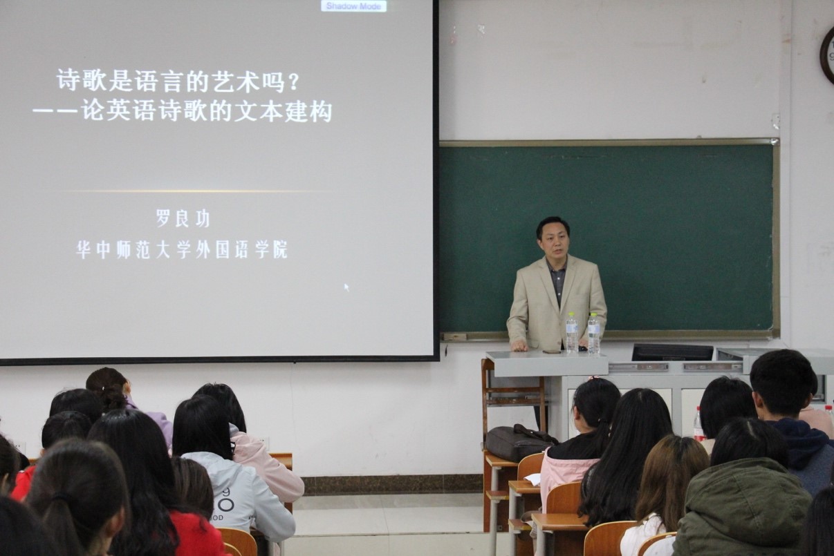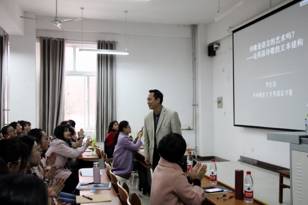 师生做了题为“诗歌是语言的艺术吗?——论英语诗歌的文本建构”的学术报告。本次报告由夏云副院长主持,我院多名教师以及部分研究生和本科生聆听了报告。
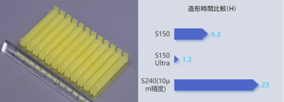 特にS150 Ultraは、S150と比較して最大約9倍、S240(10μm精度)と比較して最大約20倍の造形速度を実現し、生産性の大幅な向上に貢献する。
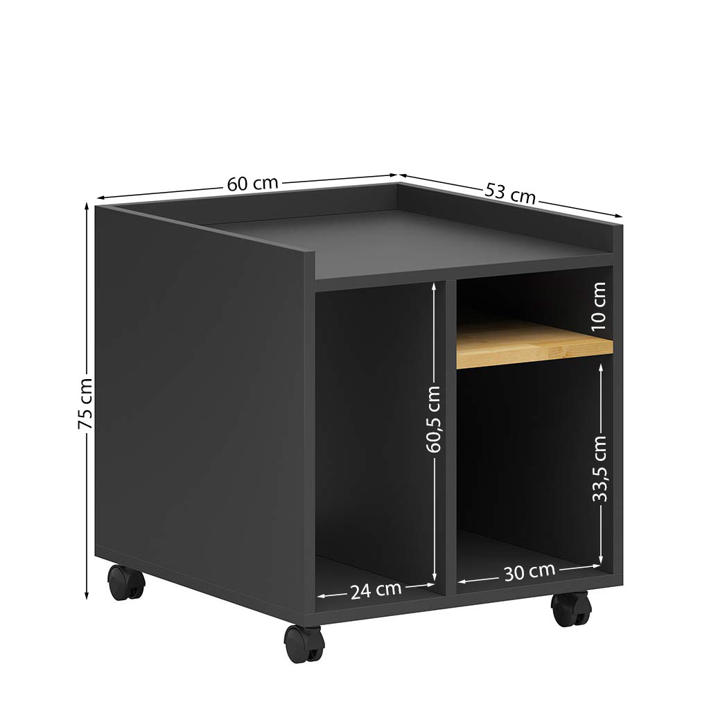 Szafka pod drukarkę z drewnianą półką pomoże Ci lepiej zorganizować przestrzeń i ułatwi codzienną pracę. Drukarka zawsze pozostaje w zasięgu ręki, a papier i akcesoria mają swoje miejsce. Niska konstrukcja zmieści się pod biurkiem lub obok stanowiska, a kółka pozwalają łatwo przesuwać szafkę tam, gdzie jej potrzebujesz. Drewniana półka zapewnia dodatkową przestrzeń, która bez problemu utrzyma dokumenty, sprzęt czy inne biurowe drobiazgi. To praktyczne rozwiązanie, które oszczędza czas i zwiększa wygodę pracy.
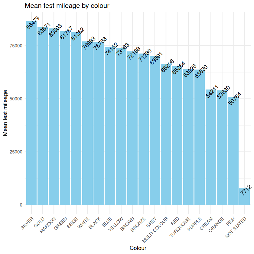 As well as calculating descriptive statistics it is important to visualize your data. Plots helps you see the spread of the data, to assess skew and to spot whether anomalies or nulls are present. In this example, we have applied mean() to show the mean test_mileage of cars grouped by colour. The argument na.rm has been added to the summarise() function which lets you decide whether you want NA values removing or leaving in the calculations. A bar chart has been used for visualisation.
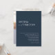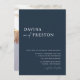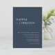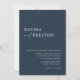 Foto Hochzeitseinladung mit Ihren Namen in eleganten Serifen fett Schriftart mit "und" und "Empfang zu folgen" in modernen handgeschriebenen Schriften, die über einen eleganten Navy Blue Hintergrund schreiben. Personalisieren Sie Ihre Hochzeitsdetails unten. Fügen Sie dem Rücken ein vollblütiges vertikales Foto hinzu, um eine zusätzliche persönliche Touch zu erhalten.
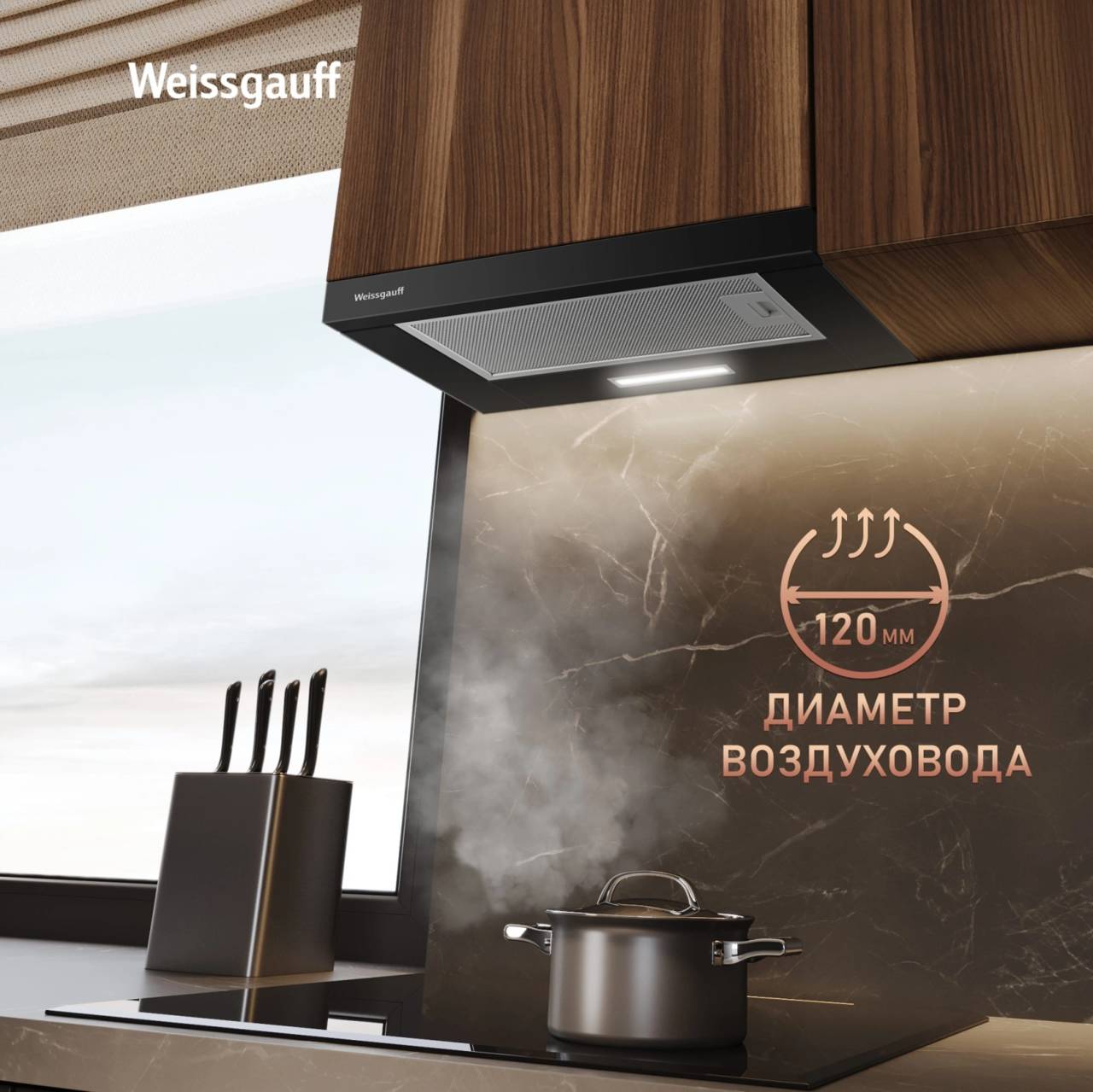 Вытяжка Weissgauff встраиваемая TEL 500 Glass черный управление: кулисные переключатели
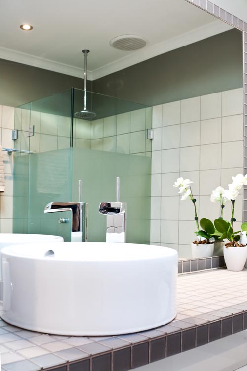 Rozelle glass installed a big cut to size wall mirror, frameless frosted glass shower screen including European stainless steel brackets and hinges, glass tiles and small corner glass shelves
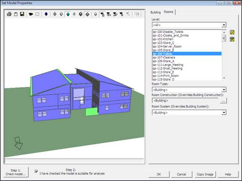 Later in the design stage, when more detailed information about the building is available, data can be applied to individual rooms to obtain more accurate analysis results.
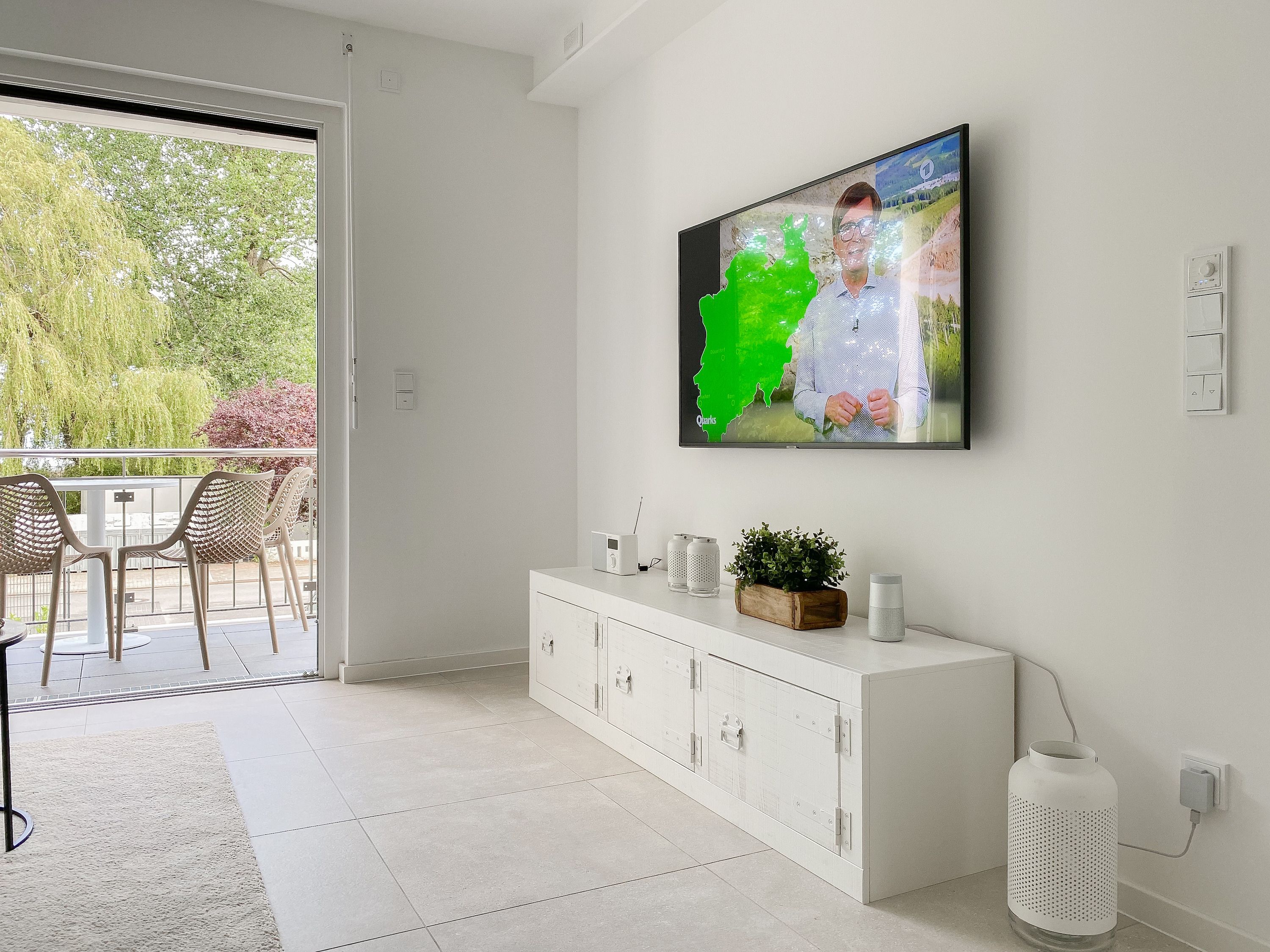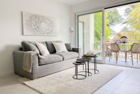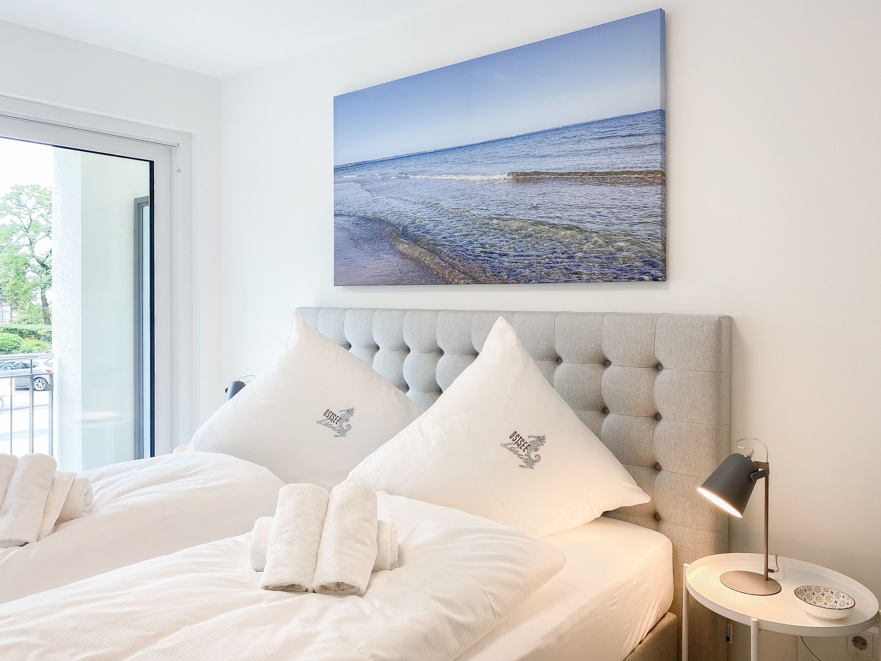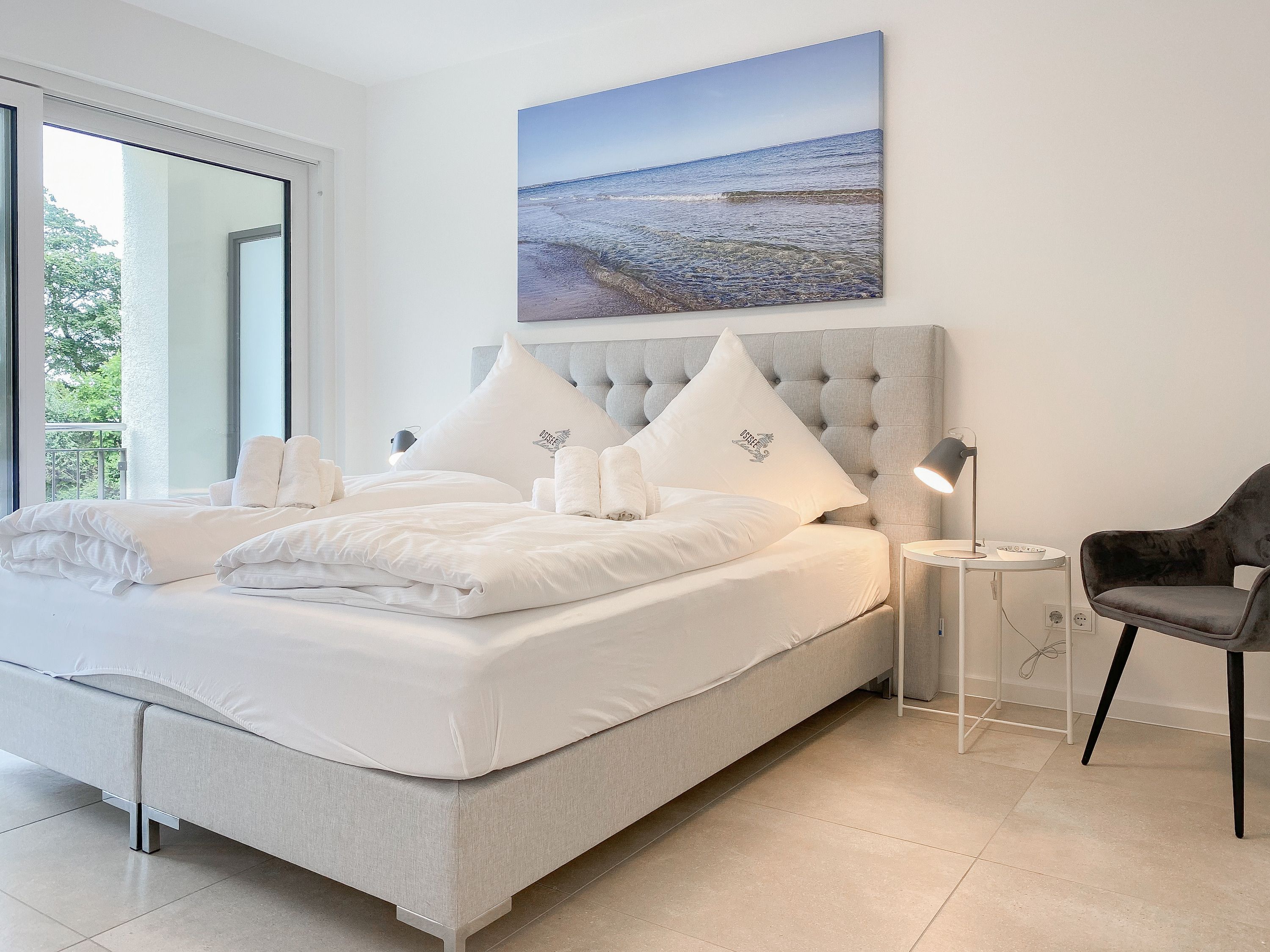 Die Ferienwohnung Wohnen am Strand 5 befindet sich im ersten Obergeschoss und bietet mit einem Schlafzimmer, ausgestattet mit einem Boxspringbett (180x200 ) und TV sowie einem bequemen Schlafsofa im Wohnbereich (140x185), jeglichen Komfort für 3 bis 4 Personen, um einen entspannten Urlaub zu verleben. Der hochwertig eingerichtete Wohn- Essbereich bietet einen herrlichen Ausblick bis auf die Ostsee. Entspannen Sie auf Ihrem Balkon, der sich über die gesamte Breite der Wohnung erstreckt, Teilmeerblick, Brandungsrauschen und frische Ostseeluft inklusive. Es stehen insgesamt 2 TV, Radio und WLAN zur Verfügung. Die Wohnung ist mit Fußbodenheizung ausgestattet und alle Fenster sind mit elektrischen Außenjalousien versehen, die gleichermaßen für Verdunkelung oder Tageslicht mit Privatsphäre sorgen. Zur Wohnung gehört ein fester Tiefgaragenstellplatz (Einfahrtshöhe 1,90 m). Das Haus verfügt über einen Fahrstuhl und einen Fahrradkeller. Waschmaschine und Trockner stehen kostenlos zur gemeinschaftlichen Nutzung zur Verfügung.
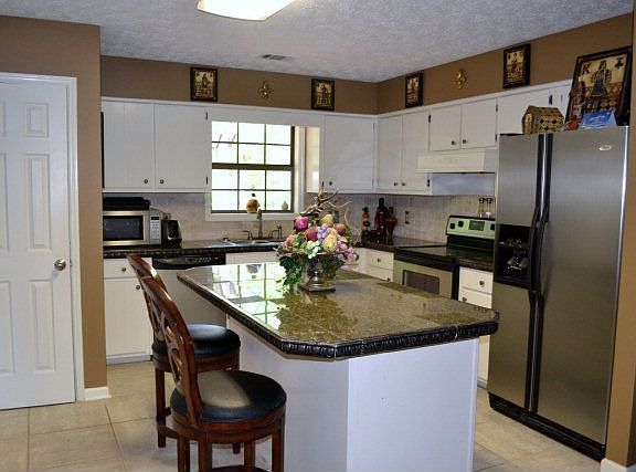 This beautiful home is located at the culdesac on Leo Lane. No through traffic.Very nice Landscaping. Modern Kitchen, granite tile counters in kitchen,Island, Tile floors and carpet.Hot tub on back patio. Lots of outside storage,and privacy fence in back yard.Large brick fireplace in living room. Brick and vinyl siding on concrete slab mean low maintenance.roof approx. 6 yrs old. carpet 2 yrs old
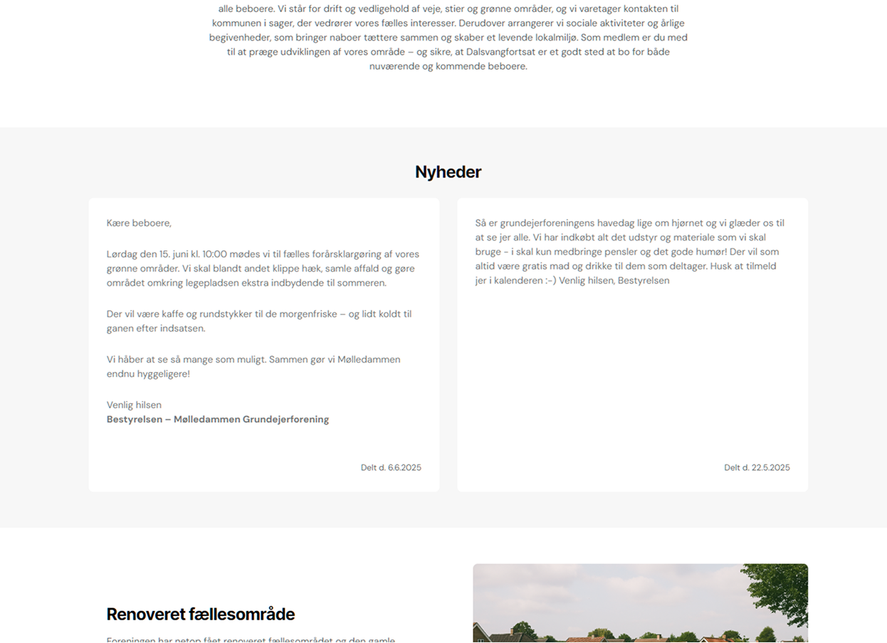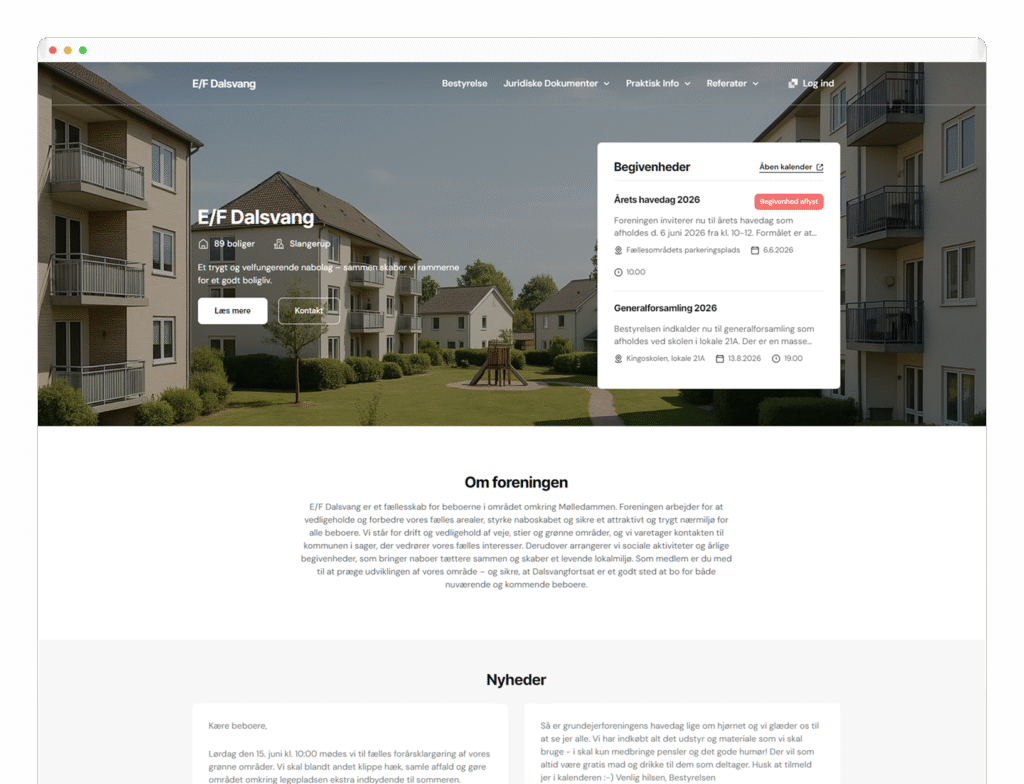 Begivenheder, nyheder, dokumenter og bestyrelse synkroniseres automatisk.

★ ★ ★ ★ ★

→ Exercise brief
Transcribe the material as is, with images omitted.

→ Response area
 师生做了题为“诗歌是语言的艺术吗?——论英语诗歌的文本建构”的学术报告。本次报告由夏云副院长主持,我院多名教师以及部分研究生和本科生聆听了报告。
 特にS150 Ultraは、S150と比較して最大約9倍、S240(10μm精度)と比較して最大約20倍の造形速度を実現し、生産性の大幅な向上に貢献する。
 Szafka pod drukarkę z drewnianą półką pomoże Ci lepiej zorganizować przestrzeń i ułatwi codzienną pracę. Drukarka zawsze pozostaje w zasięgu ręki, a papier i akcesoria mają swoje miejsce. Niska konstrukcja zmieści się pod biurkiem lub obok stanowiska, a kółka pozwalają łatwo przesuwać szafkę tam, gdzie jej potrzebujesz. Drewniana półka zapewnia dodatkową przestrzeń, która bez problemu utrzyma dokumenty, sprzęt czy inne biurowe drobiazgi. To praktyczne rozwiązanie, które oszczędza czas i zwiększa wygodę pracy.
 As well as calculating descriptive statistics it is important to visualize your data. Plots helps you see the spread of the data, to assess skew and to spot whether anomalies or nulls are present. In this example, we have applied mean() to show the mean test_mileage of cars grouped by colour. The argument na.rm has been added to the summarise() function which lets you decide whether you want NA values removing or leaving in the calculations. A bar chart has been used for visualisation.
 Foto Hochzeitseinladung mit Ihren Namen in eleganten Serifen fett Schriftart mit "und" und "Empfang zu folgen" in modernen handgeschriebenen Schriften, die über einen eleganten Navy Blue Hintergrund schreiben. Personalisieren Sie Ihre Hochzeitsdetails unten. Fügen Sie dem Rücken ein vollblütiges vertikales Foto hinzu, um eine zusätzliche persönliche Touch zu erhalten.
 Вытяжка Weissgauff встраиваемая TEL 500 Glass черный управление: кулисные переключатели
 Rozelle glass installed a big cut to size wall mirror, frameless frosted glass shower screen including European stainless steel brackets and hinges, glass tiles and small corner glass shelves
 Later in the design stage, when more detailed information about the building is available, data can be applied to individual rooms to obtain more accurate analysis results.
 Die Ferienwohnung Wohnen am Strand 5 befindet sich im ersten Obergeschoss und bietet mit einem Schlafzimmer, ausgestattet mit einem Boxspringbett (180x200 ) und TV sowie einem bequemen Schlafsofa im Wohnbereich (140x185), jeglichen Komfort für 3 bis 4 Personen, um einen entspannten Urlaub zu verleben. Der hochwertig eingerichtete Wohn- Essbereich bietet einen herrlichen Ausblick bis auf die Ostsee. Entspannen Sie auf Ihrem Balkon, der sich über die gesamte Breite der Wohnung erstreckt, Teilmeerblick, Brandungsrauschen und frische Ostseeluft inklusive. Es stehen insgesamt 2 TV, Radio und WLAN zur Verfügung. Die Wohnung ist mit Fußbodenheizung ausgestattet und alle Fenster sind mit elektrischen Außenjalousien versehen, die gleichermaßen für Verdunkelung oder Tageslicht mit Privatsphäre sorgen. Zur Wohnung gehört ein fester Tiefgaragenstellplatz (Einfahrtshöhe 1,90 m). Das Haus verfügt über einen Fahrstuhl und einen Fahrradkeller. Waschmaschine und Trockner stehen kostenlos zur gemeinschaftlichen Nutzung zur Verfügung.
 This beautiful home is located at the culdesac on Leo Lane. No through traffic.Very nice Landscaping. Modern Kitchen, granite tile counters in kitchen,Island, Tile floors and carpet.Hot tub on back patio. Lots of outside storage,and privacy fence in back yard.Large brick fireplace in living room. Brick and vinyl siding on concrete slab mean low maintenance.roof approx. 6 yrs old. carpet 2 yrs old
 Begivenheder, nyheder, dokumenter og bestyrelse synkroniseres automatisk.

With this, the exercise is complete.